"I worked with her." Tessa's mind was racing, trying to reconcile the woman she remembered with the surveillance notebook, the break-in, the methodical violation of her home. "She was good. Efficient. A little cold, maybe, but I never thought..." She shook her head. "Why would she do this?"
"That's where it gets complicated." Diaz swiped to another document on her phone. "After Daniel Webb died, there was an internal review. Standard procedure for any death in the ER. The review found some irregularities in the nursing notes. Medications administered late, vitals not recorded on time. Nothing that directly caused the death, but enough to raise questions."
"I remember that review," Tessa said slowly. "They questioned all of us. But I was told it was just routine."
"It was routine until it wasn't." Diaz's expression was grim. "Carla Reeves was terminated two weeks after Daniel Webb's death. The official reason was 'failure to meet professional standards,' but the timing wasn't coincidental. She blamed you."
"Me?" Tessa's voice cracked. "I was the attending surgeon. I tried to save him. I did everything I could."
"I know." Diaz's tone softened slightly. "But grief doesn't follow logic. Carla Reeves and Marcus Webb both needed someone to blame. You were the face of that night, the surgeon who called the time of death. It didn't matter that you weren't responsible. It mattered that you were there."
Bree set a plate of pancakes on the table, her face tight with concern. "So this woman and the psychologist have been working together?"

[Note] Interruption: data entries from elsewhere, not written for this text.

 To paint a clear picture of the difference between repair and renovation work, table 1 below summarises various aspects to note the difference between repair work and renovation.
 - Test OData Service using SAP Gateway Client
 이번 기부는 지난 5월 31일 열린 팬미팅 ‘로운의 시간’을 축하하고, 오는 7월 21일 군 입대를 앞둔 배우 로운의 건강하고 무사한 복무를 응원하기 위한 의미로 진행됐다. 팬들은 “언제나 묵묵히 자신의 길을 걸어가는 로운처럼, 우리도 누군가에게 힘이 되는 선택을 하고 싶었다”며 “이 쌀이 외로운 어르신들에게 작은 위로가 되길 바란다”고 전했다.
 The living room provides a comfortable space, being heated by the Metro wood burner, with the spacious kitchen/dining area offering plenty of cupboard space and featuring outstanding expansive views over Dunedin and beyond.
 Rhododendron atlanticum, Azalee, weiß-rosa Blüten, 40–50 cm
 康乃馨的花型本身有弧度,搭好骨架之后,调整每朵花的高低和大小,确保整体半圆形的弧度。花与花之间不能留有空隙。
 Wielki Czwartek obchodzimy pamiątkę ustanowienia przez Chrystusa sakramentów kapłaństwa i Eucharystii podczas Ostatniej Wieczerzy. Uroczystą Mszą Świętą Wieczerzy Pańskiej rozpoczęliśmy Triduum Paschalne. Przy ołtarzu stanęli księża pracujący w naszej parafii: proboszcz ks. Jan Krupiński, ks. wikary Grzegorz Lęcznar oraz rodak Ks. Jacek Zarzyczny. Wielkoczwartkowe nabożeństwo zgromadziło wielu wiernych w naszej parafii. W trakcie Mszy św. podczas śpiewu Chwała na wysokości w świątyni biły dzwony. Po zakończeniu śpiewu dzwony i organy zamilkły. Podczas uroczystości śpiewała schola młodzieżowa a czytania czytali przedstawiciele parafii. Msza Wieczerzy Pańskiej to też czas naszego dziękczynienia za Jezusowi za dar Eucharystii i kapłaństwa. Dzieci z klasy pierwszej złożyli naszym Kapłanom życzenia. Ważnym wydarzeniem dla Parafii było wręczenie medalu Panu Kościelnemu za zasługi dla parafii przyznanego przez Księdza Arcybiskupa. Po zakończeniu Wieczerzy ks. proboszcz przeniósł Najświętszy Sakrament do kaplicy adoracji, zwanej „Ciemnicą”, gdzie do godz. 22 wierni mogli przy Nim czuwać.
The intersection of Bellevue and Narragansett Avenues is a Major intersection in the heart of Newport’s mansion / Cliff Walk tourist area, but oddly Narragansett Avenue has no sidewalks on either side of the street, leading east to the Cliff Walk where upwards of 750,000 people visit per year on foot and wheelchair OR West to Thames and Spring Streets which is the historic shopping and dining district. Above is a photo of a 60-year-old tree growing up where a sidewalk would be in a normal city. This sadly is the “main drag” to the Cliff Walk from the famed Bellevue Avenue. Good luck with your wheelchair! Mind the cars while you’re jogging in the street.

"That's what it looks like." Diaz nodded. "We found communications between them dating back eight months. Emails, texts, and a shared cloud folder. They connected through an online grief support group, if you can believe it. Bonded over their shared obsession with Dr. Callahan."
"Eight months." Brian's voice was hard. "They've been planning this for eight months."

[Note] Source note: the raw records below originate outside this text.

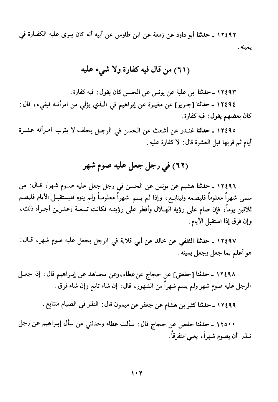 12493 - ابْنُ عُلَيَّةَ، عَنْ يُونُسَ، عَنِ الْحَسَنِ، كَانَ يَقُولُ: «§فِيهِ كَفَّارَةٌ»
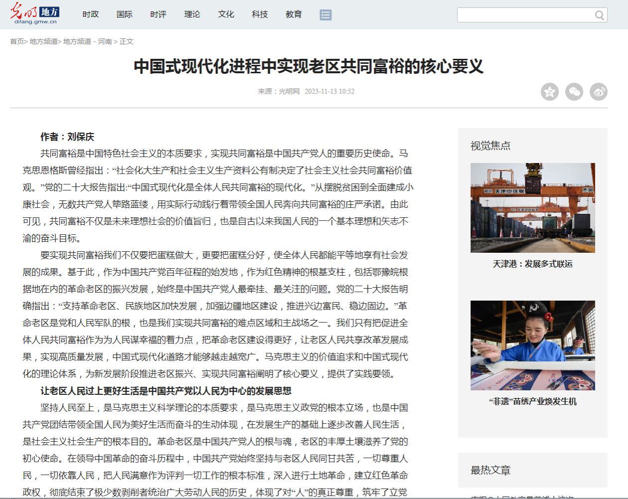 立足新起点,迈向新征程,共同富裕始终是中国共产党团结带领全国人民在中国式现代化道路进程中追求的坚定目标,实现革命老区共同富裕,对于推进中国式农业农村现代化,进而推动中国式现代化具有突出的政治示范意涵。我们要坚定信心决心,在中国式现代化进程中,结合老区发展实际扬长补短,循序渐进,通过老区共同富裕彰显现代化的中国智慧、中国方案、中国力量。
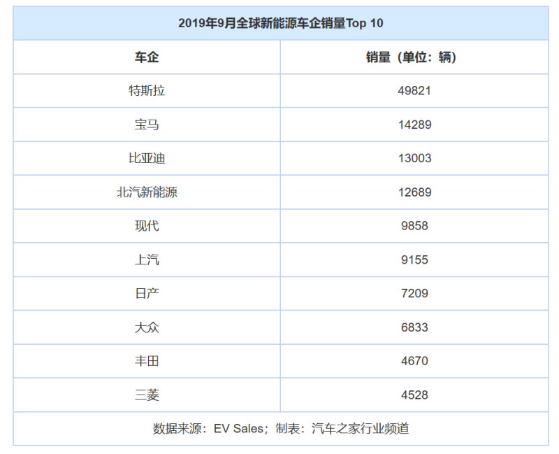 車企方面,2019年9月,排名前三強(qiáng)的車企分別是特斯拉、寶馬及比亞迪,此前常見(jiàn)的特斯拉/比亞迪/北汽新能源的組合格局被打破,寶馬9月以1.4萬(wàn)輛的成績(jī)躍居第二,比亞迪則落至第三,銷量為1.3萬(wàn)輛。中國(guó)新能源車企方面,進(jìn)入9月前十強(qiáng)的除了比亞迪之外,還有北汽新能源和上汽集團(tuán),而此前經(jīng)常上榜的江淮汽車、奇瑞汽車、吉利汽車等多個(gè)中國(guó)選手則被“擠”出排行榜。不過(guò)在前9月累計(jì)銷量的前十強(qiáng)榜單上,吉利以6.2萬(wàn)輛的成績(jī)排名第七。
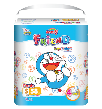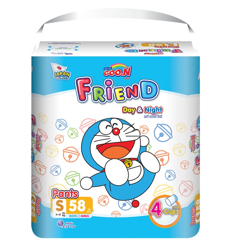 GOO.N Friend (Doraemon) diapers is the economy line of GOO.N that comes in pants variant only. It can absorb up to 4-cups of urine best for day & night use.
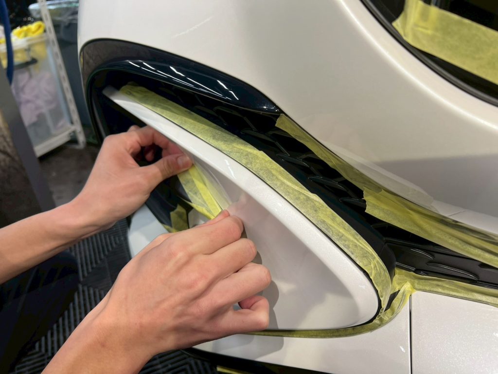 ブロアで水滴を飛ばし、ポリッシャーで磨く際に当たってはいけない箇所、磨き粉の浸入を防ぎたい箇所をマスキングテープで保護していきます。

"At least. Webb handled the visible stalking, the intimidation, the direct contact. Reeves stayed in the shadows, gathering information, tracking Dr. Callahan's movements, feeding everything to Webb." Diaz put her phone away. "When Webb got arrested, Reeves didn't stop. If anything, she escalated. The break-in was her way of proving she could still reach you."

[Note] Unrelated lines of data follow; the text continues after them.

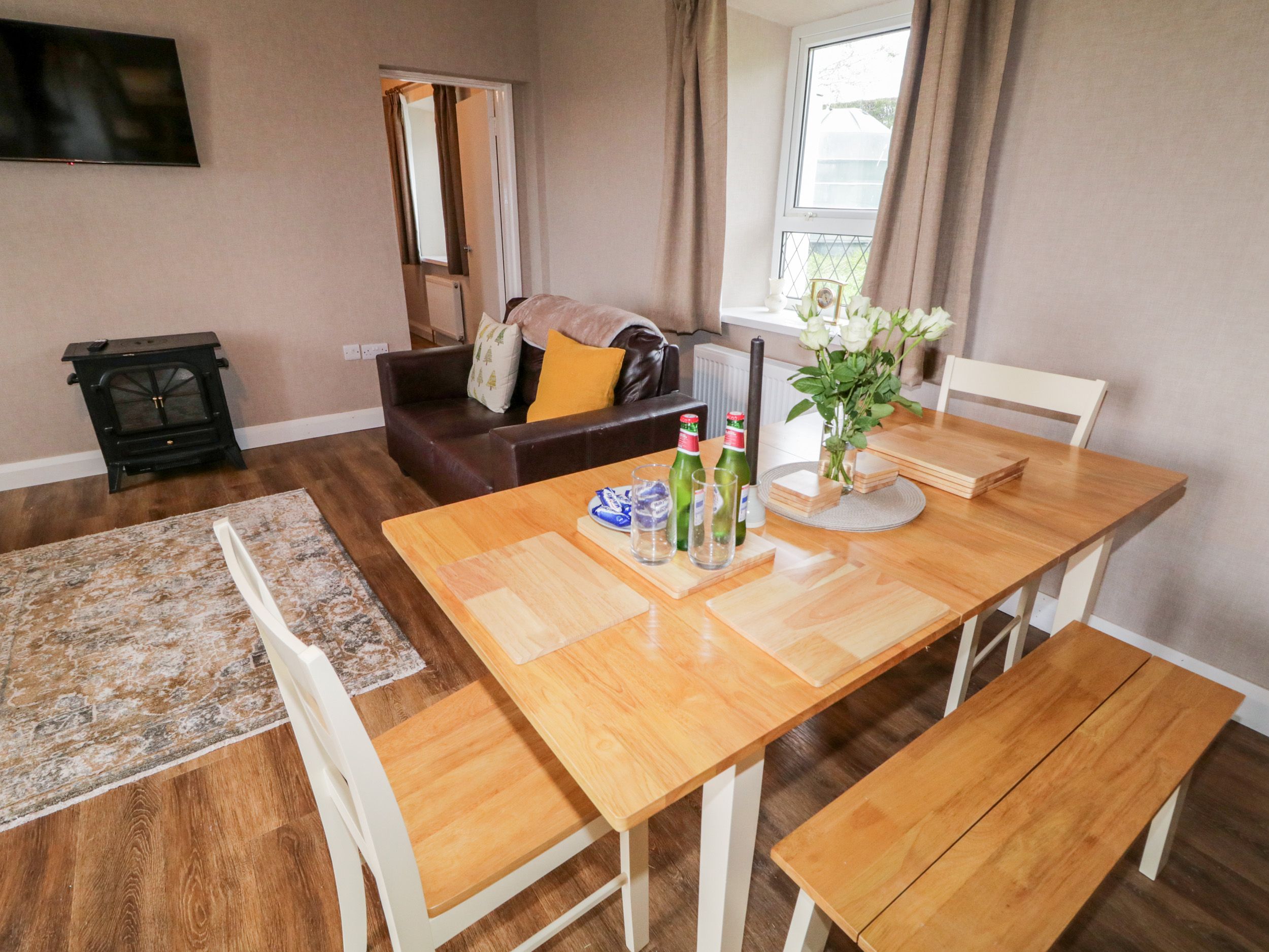 Accomodation Details Single-storey. Three bedrooms: 2 x double, 1 x twin. Bathroom with bath, shower over, basin and WC. Open-plan living space with kitchen, dining and sitting area
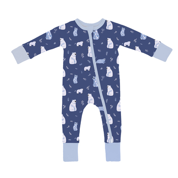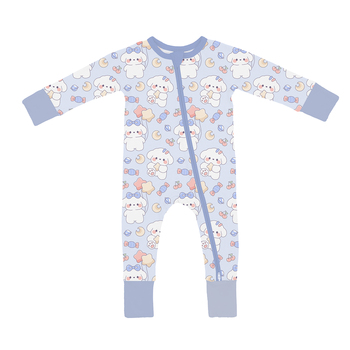 ملابس نوم مخصصة للأطفال والرضع مطبوعة بتقنية التفاعل من البامبو والسباندكس بسحاب مزدوج
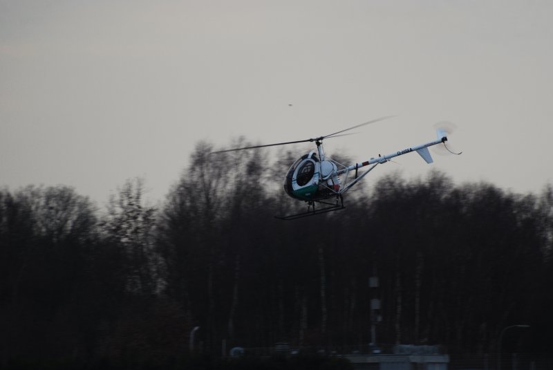 Der Hughes 300C D-HSEA fliegt am 14.03.09 über die Runway des Flughafens Hamburg Fuhlsbüttel.
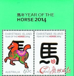 除了中國郵政之外,其他國家和地區也紛紛發行了各種與馬有關的郵品。例如,圭亞那發行了馬年小型張與小全張各一枚,以剪紙和書法為圖案﹔越南發行的馬年有齒與無齒郵票各一套2枚,畫面是以白雲襯托的鮮艷黃柔美的馬﹔新加坡今年發行的馬年郵票一套3枚,以夸張的風格設計,畫面為馬和具有吉祥寓意的中文。
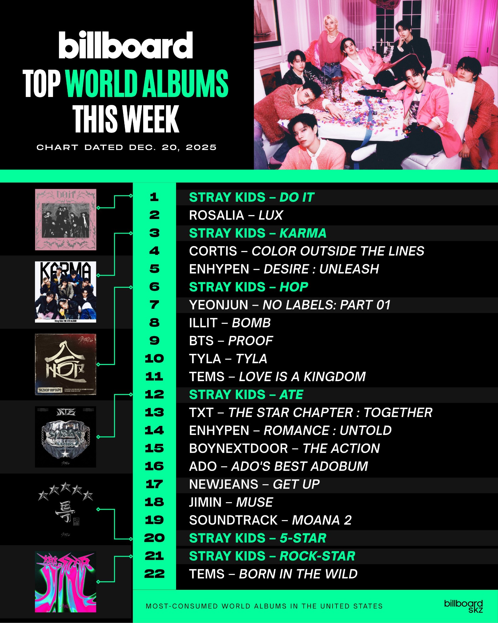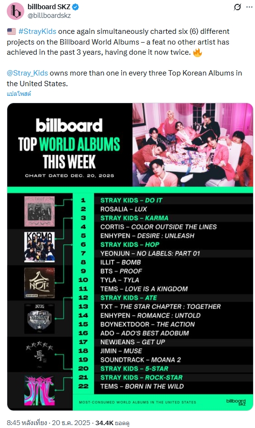 🔥 Stray Kids ติดอันดับชาร์ต Billboard World Albums พร้อมกัน 6 อัลบั้ม อีกครั้ง!! ไม่เพียงแต่จะเป็นจำนวนมากที่สุดและไม่มีศิลปินคนใดทำได้ในรอบสามปีที่ผ่านมาเท่านั้น แต่ SKZ ยังทำเป็นสัปดาห์ที่สองติดต่อกันอีกด้วย
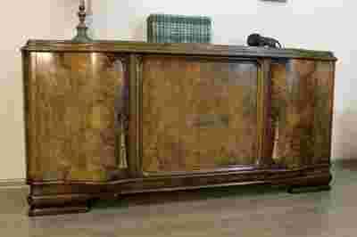 Bufet prezentuje się doskonale .. Bogate usłojenie robi duże wrażenie. Mebel wznosi się na finezyjnej, falistej podstawie z elementami rzeźbień. Skrzydła eksponują piękną, czeczotę orzechową dekorowaną wyrazistymi wolutami roślinnymi.
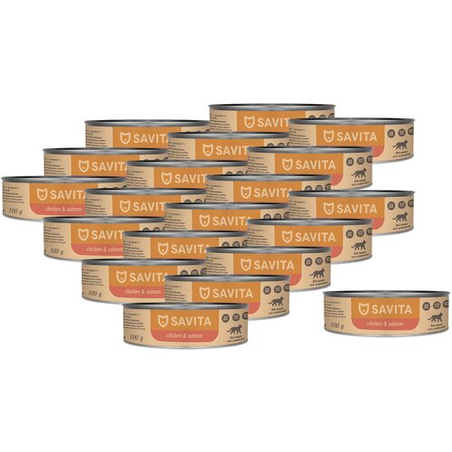 SAVITA консервы для кошек и котят. Цыплёнок с лососем 0,1 кг. х 20 шт.

Tessa sank into a chair at the table. Her legs didn't feel steady enough to hold her anymore. "Where is she now?"
"That's the problem." Diaz grimaced. "We don't know. She hasn't used her credit cards in three days. Her apartment in Chicago is empty; looks like she cleared it out recently. She could be anywhere."
"So she's still out there," Hank spoke for the first time, his voice flat. "Watching. Waiting."
"We've got a BOLO out on her vehicle and her photo. Every officer in the county knows her face. She won't be able to move without us knowing." Diaz looked at Tessa. "In the meantime, I'd recommend you don't go back to the cottage. Not until we've apprehended her."
"She can stay here," Bree said immediately. "Both of them. As long as they need."
Hank nodded. "The guest room's yours. And we've got eyes on the property. Between the shop and this place, there's always someone around."
Tessa looked around at these people who had opened their home to her without hesitation. Bree, whom she'd known for only a few weeks, standing at the stove as if feeding people in crisis was just what you did. Hank, quiet and steady, already calculating security measures. Brian beside her, solid and warm, his hand still on her back.
"I don't want to put anyone else in danger," she said.
"You're not." Brian's voice left no room for argument. "This isn't up for debate."
"He's right." Diaz stood, gathering her things. "Isolation is what Reeves wants. She's been watching you long enough to know your patterns. Breaking those patterns, staying with people, being unpredictable, that's your best defense right now."
Tessa nodded slowly. She didn't like it, the feeling of being hunted, of needing protection. But she wasn't stupid. Going back to the cottage alone would be exactly what Carla Reeves was hoping for.
"Okay," she said. "We stay."
Diaz headed for the door, then paused. "One more thing. We searched Webb's apartment and found more of those notebooks. Years of them. Different targets over the years, not just you. He's been doing this for a long time, finding people to stalk, fixating on them, then moving on when they leave or when he loses interest." She met Tessa's eyes. "You're not his first victim, Dr. Callahan. But with any luck, you'll be his last."
The door closed behind her, and the kitchen fell silent.
Bree was the first to move. She set a plate of pancakes in front of Tessa and squeezed her shoulder. "Eat. You can't think straight on an empty stomach."
The pancakes were golden and perfect, dotted with blueberries. Tessa picked up her fork more to be polite than because she was hungry, but the first bite surprised her. They were good. Really good. She took another, and some of the tightness in her chest eased.
"Bree's pancakes have healing properties," Hank said, a ghost of a smile crossing his face. "Scientifically proven."
"Anecdotally proven," Bree corrected. "The sample size is just this household."
"And everyone at the shop," Hank added. "And half the town when you do the charity breakfast."
"Fine. Large sample size. Still anecdotal." But Bree was smiling now, the tension in her shoulders easing.